The doctor had seen Soth on the morning of the felling of the speaker pole. After all the secrecy and planning, it was infuriating to be caught red-handed in a suburb where not a soul wandered after midnight. He’d honed his machete to an edge so fine, it could slice through communist red tape. He’d figured on no more than ten swings to bring down the nasty speaker and he’d be back in his cot before the world was any the wiser.
How could he have taken account of mysterious Mr. Soth? How was he to know the man’s habits? What right did he have to be awake at such an unhealthy hour? There was nothing to do in that place before dawn. But there he was, awake and brimming with vigilance.
On the flight from Luang Prabang, Siri and Inthanet had hatched this plot, along with several other contingencies. Dtui had told her boss on the phone about the visiting policemen and Tik, the old shaman, had been overwhelmed with a premonition of Siri rotting in jail. So Mr. Soth’s initiative and Siri’s arrest were both inevitable. The play was written and the action followed the script. But there was to be an unexpected last act.
Apart from being a creep, Mr. Soth was also a bad loser. He hadn’t reached the economic heights and moral depths he occupied today by accepting humiliation. Revenge didn’t have to be too complicated. A simple killing would do.

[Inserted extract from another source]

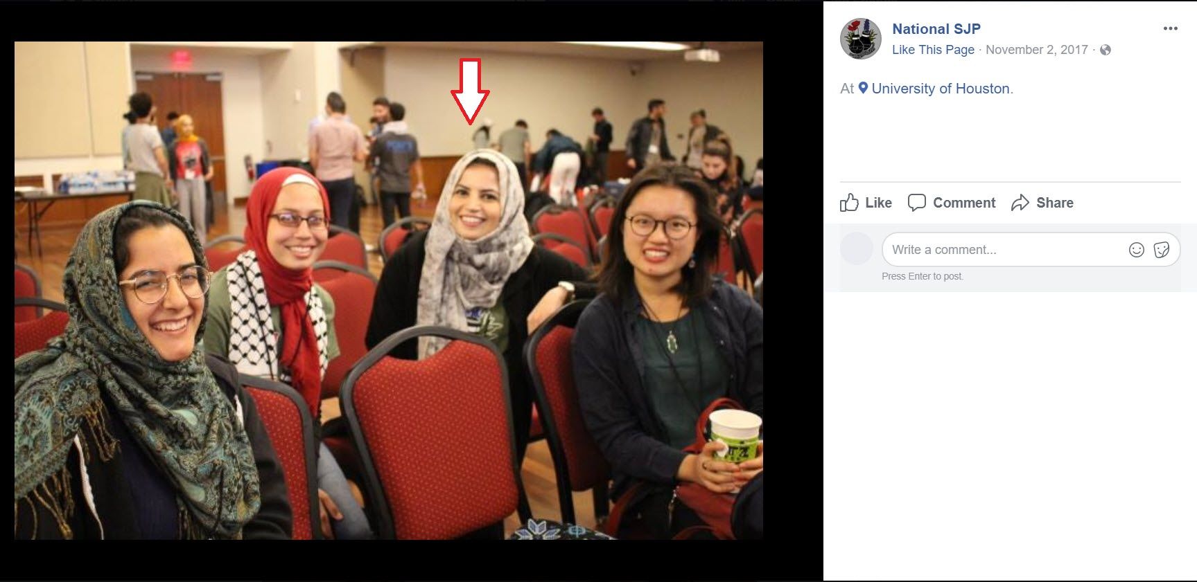 On October 1, 2017, SJP UH shared a Facebook post that read: “17 years ago today, 12yr old Muhammad Al-Durra was shot dead on LIVE TV in his father's arms.#Coogs4Palestine #FreePalestine.”
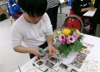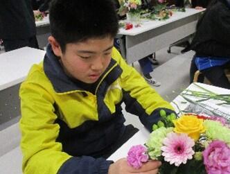 1月13日、熊本県花き協会の方を講師としてお招きし、中学部で「フラワーアレンジメント教室」を行いました。バラやカーネーションなどたくさんのかわいい花に興味津々の生徒達。講師の方に花の種類や扱い方について丁寧に教えていただきながら、作品づくりに取り組みました。色合いや配置を工夫しそれぞれ思い思いに活動する姿が印象的でした。

It was lunchtime, so Siri drove directly to the river, parked beneath a golden shower tree, and walked over to Civilai and Phosy on their regular log. Both men were eating with their right hands and fanning themselves, geisha-like, with their left. The cheap Singha Beer logo fans from Thailand barely managed to slide the sweat across their foreheads. There was no natural movement in the air, and the river edged along so slowly it threatened to stop completely.
“Got anything to eat?” Siri asked.
“Will you listen to that.” Civilai looked at Phosy without bothering to greet the newcomer. “The man makes over fifteen dollars a month, and he still has the gall to mooch off poor folk like us.”